Records from a data collection
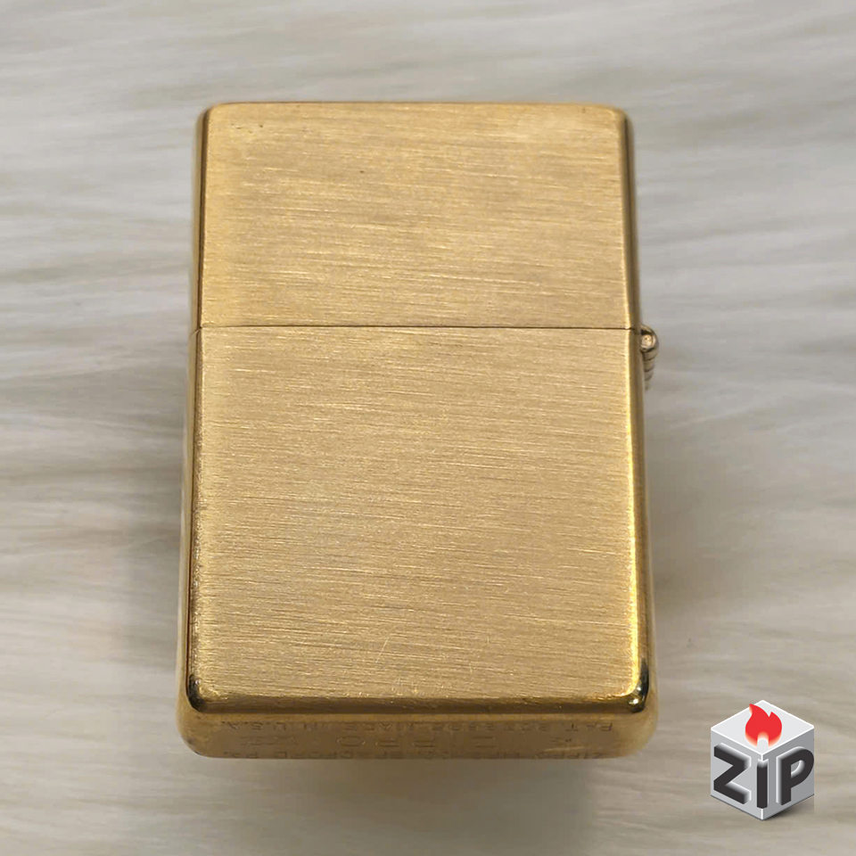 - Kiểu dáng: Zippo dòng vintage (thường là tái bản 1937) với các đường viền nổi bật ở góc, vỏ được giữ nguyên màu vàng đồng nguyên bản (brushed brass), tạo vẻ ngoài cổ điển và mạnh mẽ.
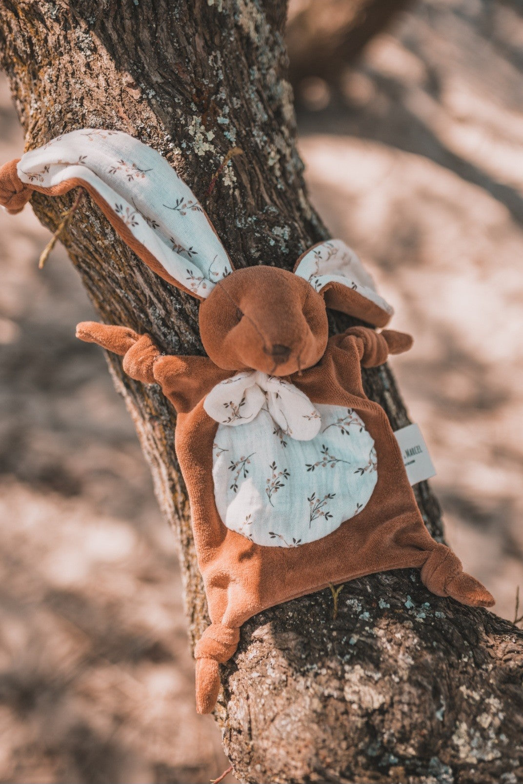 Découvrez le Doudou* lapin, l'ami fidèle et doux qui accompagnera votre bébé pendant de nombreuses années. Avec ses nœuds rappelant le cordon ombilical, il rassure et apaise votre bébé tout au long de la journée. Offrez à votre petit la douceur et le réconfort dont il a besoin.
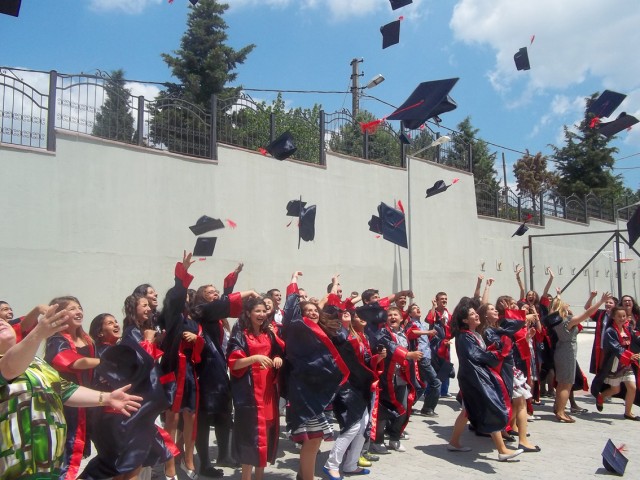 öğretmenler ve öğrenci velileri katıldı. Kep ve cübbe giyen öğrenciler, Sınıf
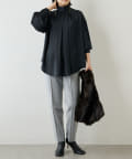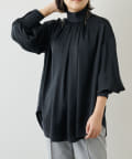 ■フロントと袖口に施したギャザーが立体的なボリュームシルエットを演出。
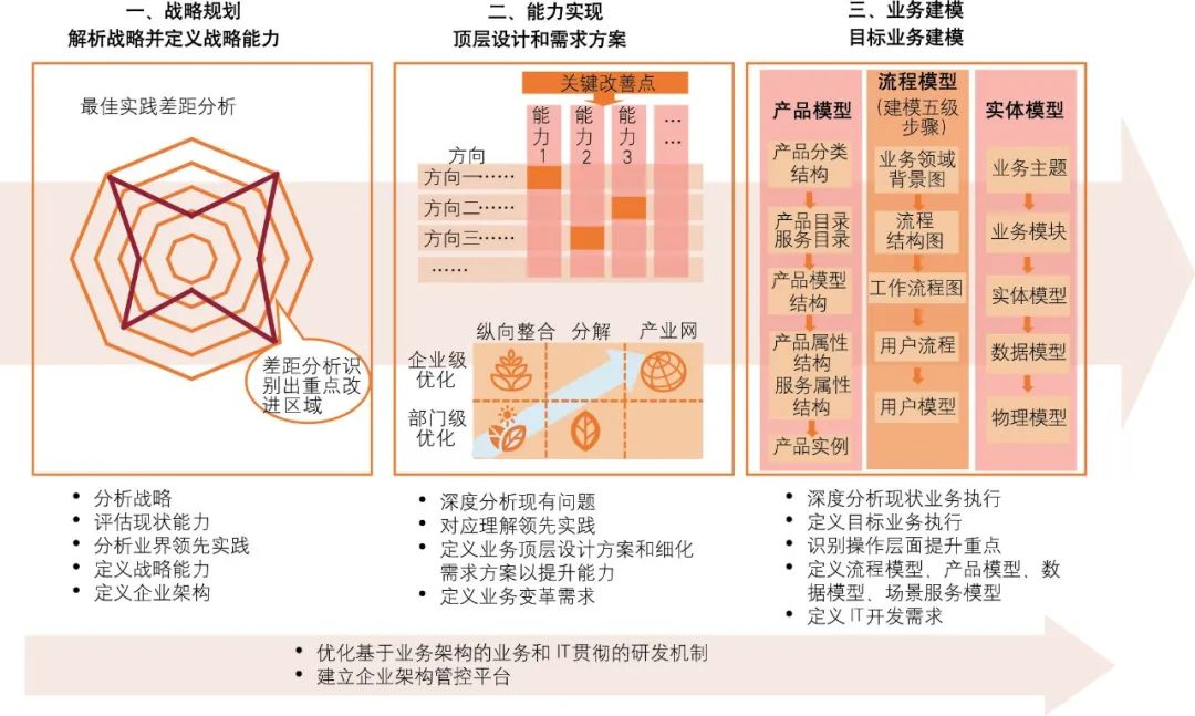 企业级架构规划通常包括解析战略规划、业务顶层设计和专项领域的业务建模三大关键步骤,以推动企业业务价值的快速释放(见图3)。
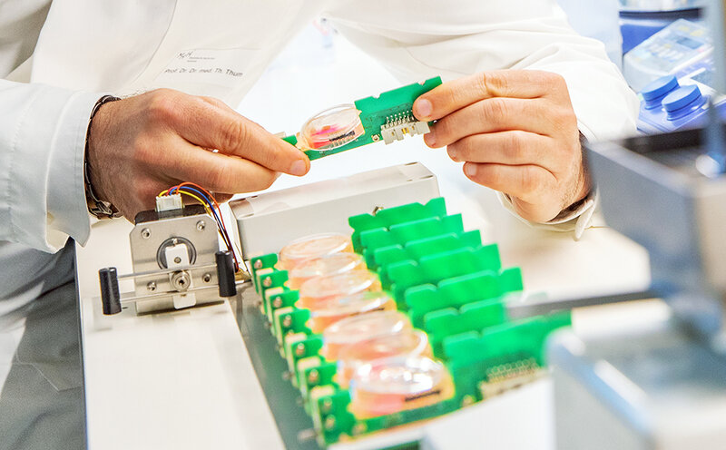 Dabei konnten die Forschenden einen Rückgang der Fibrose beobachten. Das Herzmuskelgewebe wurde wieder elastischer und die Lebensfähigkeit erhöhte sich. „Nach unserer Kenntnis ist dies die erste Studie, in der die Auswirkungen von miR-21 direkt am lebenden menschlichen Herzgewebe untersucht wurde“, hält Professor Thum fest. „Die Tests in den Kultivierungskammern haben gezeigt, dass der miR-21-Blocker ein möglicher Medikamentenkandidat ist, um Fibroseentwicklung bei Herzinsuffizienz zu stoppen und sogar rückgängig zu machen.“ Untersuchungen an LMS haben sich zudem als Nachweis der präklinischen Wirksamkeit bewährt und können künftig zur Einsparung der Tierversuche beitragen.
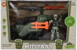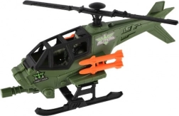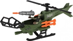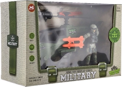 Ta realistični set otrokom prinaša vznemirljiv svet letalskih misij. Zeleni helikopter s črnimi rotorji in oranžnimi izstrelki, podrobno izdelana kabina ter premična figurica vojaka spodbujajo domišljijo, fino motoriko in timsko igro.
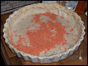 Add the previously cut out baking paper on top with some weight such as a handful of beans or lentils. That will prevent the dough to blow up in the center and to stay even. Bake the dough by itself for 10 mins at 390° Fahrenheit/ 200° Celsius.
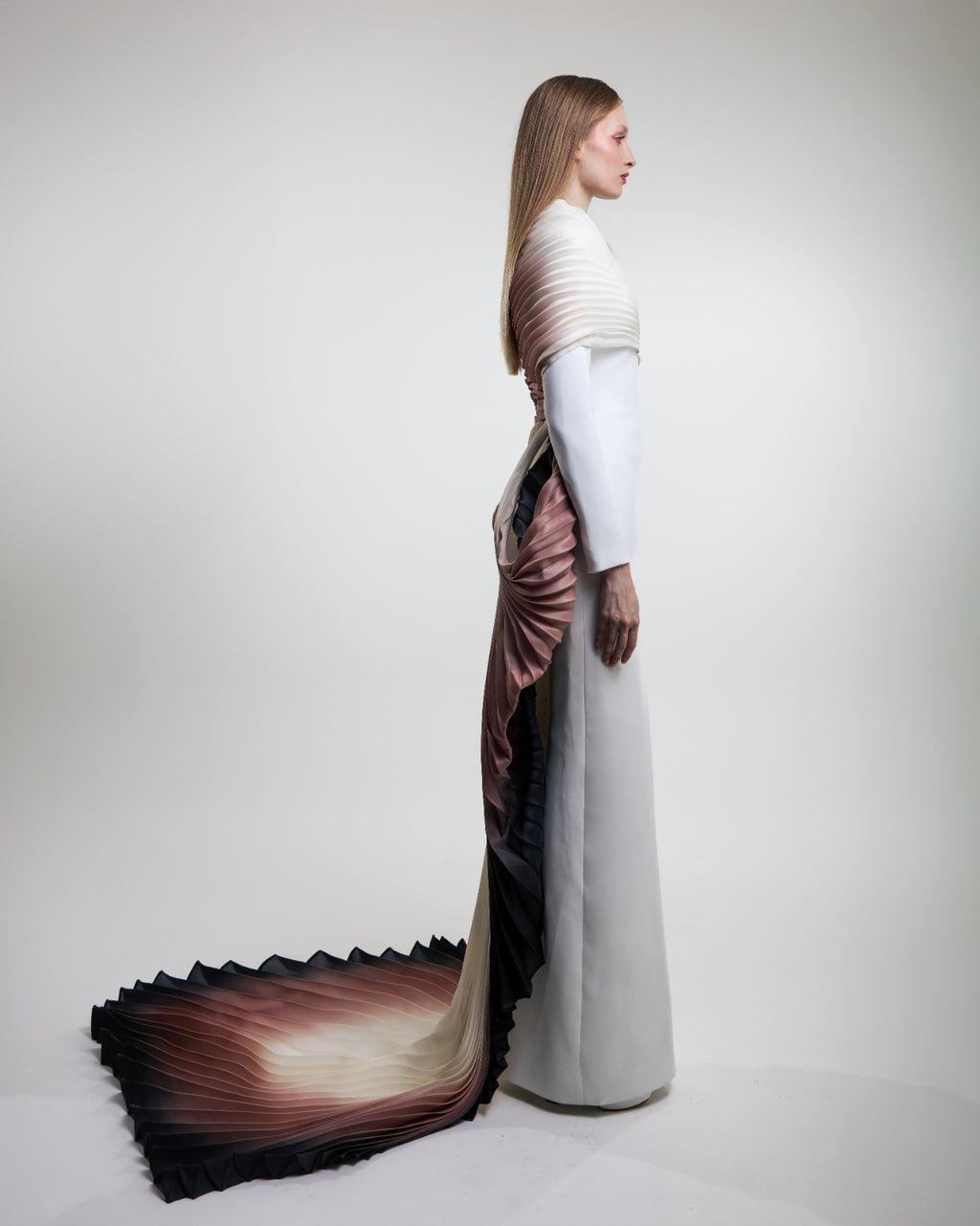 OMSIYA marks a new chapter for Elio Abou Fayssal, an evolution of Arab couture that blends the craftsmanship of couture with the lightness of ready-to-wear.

WHAT YOU SHOULD DO
Exclude all images, then retype the records above without alteration.

SOLUTION
 - Kiểu dáng: Zippo dòng vintage (thường là tái bản 1937) với các đường viền nổi bật ở góc, vỏ được giữ nguyên màu vàng đồng nguyên bản (brushed brass), tạo vẻ ngoài cổ điển và mạnh mẽ.
 Découvrez le Doudou* lapin, l'ami fidèle et doux qui accompagnera votre bébé pendant de nombreuses années. Avec ses nœuds rappelant le cordon ombilical, il rassure et apaise votre bébé tout au long de la journée. Offrez à votre petit la douceur et le réconfort dont il a besoin.
 öğretmenler ve öğrenci velileri katıldı. Kep ve cübbe giyen öğrenciler, Sınıf
 ■フロントと袖口に施したギャザーが立体的なボリュームシルエットを演出。
 企业级架构规划通常包括解析战略规划、业务顶层设计和专项领域的业务建模三大关键步骤,以推动企业业务价值的快速释放(见图3)。
 Dabei konnten die Forschenden einen Rückgang der Fibrose beobachten. Das Herzmuskelgewebe wurde wieder elastischer und die Lebensfähigkeit erhöhte sich. „Nach unserer Kenntnis ist dies die erste Studie, in der die Auswirkungen von miR-21 direkt am lebenden menschlichen Herzgewebe untersucht wurde“, hält Professor Thum fest. „Die Tests in den Kultivierungskammern haben gezeigt, dass der miR-21-Blocker ein möglicher Medikamentenkandidat ist, um Fibroseentwicklung bei Herzinsuffizienz zu stoppen und sogar rückgängig zu machen.“ Untersuchungen an LMS haben sich zudem als Nachweis der präklinischen Wirksamkeit bewährt und können künftig zur Einsparung der Tierversuche beitragen.
 Ta realistični set otrokom prinaša vznemirljiv svet letalskih misij. Zeleni helikopter s črnimi rotorji in oranžnimi izstrelki, podrobno izdelana kabina ter premična figurica vojaka spodbujajo domišljijo, fino motoriko in timsko igro.
 Add the previously cut out baking paper on top with some weight such as a handful of beans or lentils. That will prevent the dough to blow up in the center and to stay even. Bake the dough by itself for 10 mins at 390° Fahrenheit/ 200° Celsius.
 OMSIYA marks a new chapter for Elio Abou Fayssal, an evolution of Arab couture that blends the craftsmanship of couture with the lightness of ready-to-wear.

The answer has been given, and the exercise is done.